WORK TASK:
Your reply should restate the lines from the top of the entries through the line containing "Creating the iconic" word for word, with no pictures.

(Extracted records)
+===+

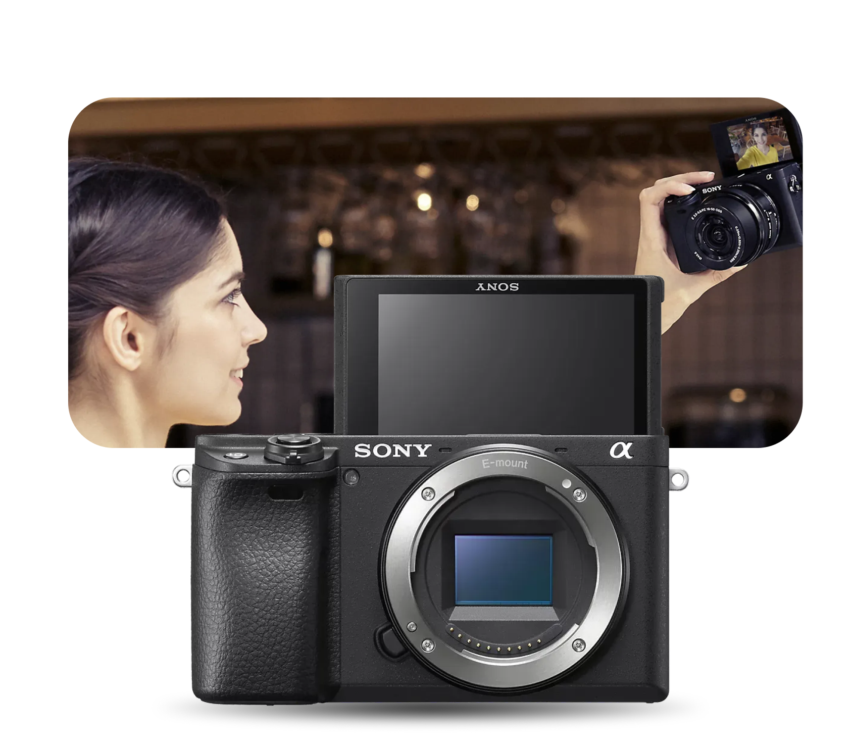 - Tela sensível ao toque LCD inclinável em 180°, facilitando a captura de selfies e fotos em ângulos altos e baixos.
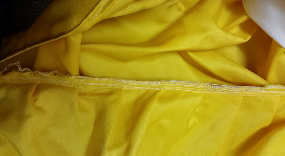 Creating the iconic yellow ball gown is not for the faint of heart or the inexperience sewer. It will also not happen without significant cost as a full ball gown like that will take a TON of fabric . . so, this is one garment I would definitely price out before deciding upon a course of action. We were very fortunate that we had a roll of heavy satin fabric just sitting in our marching band uniform closet left over from some long-ago project. We claimed it!
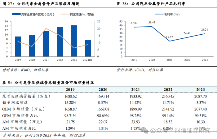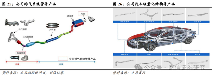 中国最大排气系统管件OEM供应商之一,金属加工业务拓展至汽车轻量化产品。公司汽车金属管件业务主要包括排气系统管件、EGR管件、车顶架和轻量化底盘与车身结构件等。公司于2001年开始研制排气系统管件,目前是中国最大的排气系统管件OEM供应商之一,生产的产品主要为排气装饰尾管及热端管。基于排气系统管件积累的液压成型技术等金属加工经验,公司成功拓展出车顶架及汽车轻量化产品。目前公司汽车金属管件业务营收中,排气系统管件业务占比最大,但从业务成长性来看,排气系统管件业务成长性较差,汽车轻量化产品未来预计将成为公司业绩新增长点。
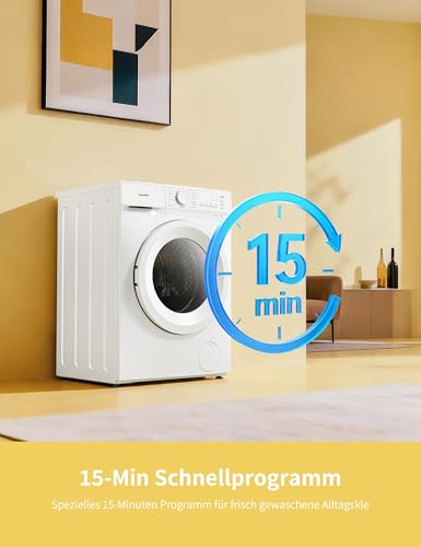 Comfee Waschmaschine 8kg, Washing machine mit Tierhaar-Programm & Dampffunktion,16 Programme,Energy Efficiency Class A-10%,Nachlegefunktion, Leise & Energiesparend, CF08EWP05W, Weiß
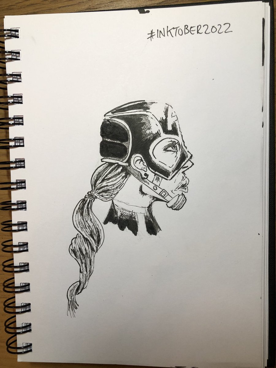 Inktober 2022 Day 19: Ponytail. Here’s a gender swapped Captain America with a ponytail. Look, I went to the pub yesterday. Be thankful you’ve got anything. #inktober2022 #inktober2022day19 #inktober
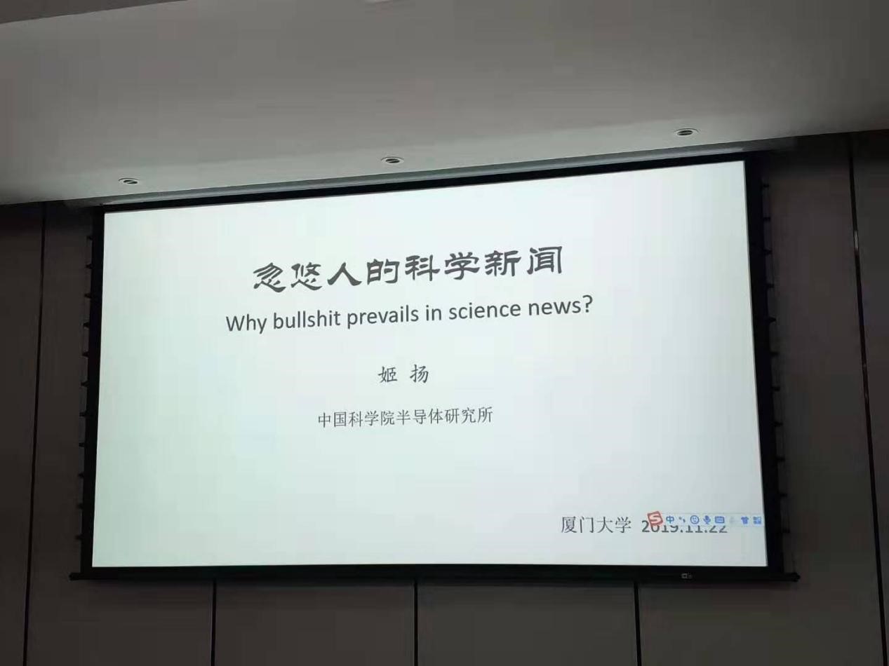 应厦大物理科学与技术学院陈张海教授的邀请,中国科学院半导体研究所姬扬研究员于2019年11月22日在物理楼552报告厅为我院师生做了题为“忽悠人的科学新闻”的物理学前沿讲座。报告会由吴志明教授主持,物理学系近百名师生参加了本次学术报告。

+===+

SOLUTION TO THE EXERCISE:
 - Tela sensível ao toque LCD inclinável em 180°, facilitando a captura de selfies e fotos em ângulos altos e baixos.
 Creating the iconic yellow ball gown is not for the faint of heart or the inexperience sewer. It will also not happen without significant cost as a full ball gown like that will take a TON of fabric . . so, this is one garment I would definitely price out before deciding upon a course of action. We were very fortunate that we had a roll of heavy satin fabric just sitting in our marching band uniform closet left over from some long-ago project. We claimed it!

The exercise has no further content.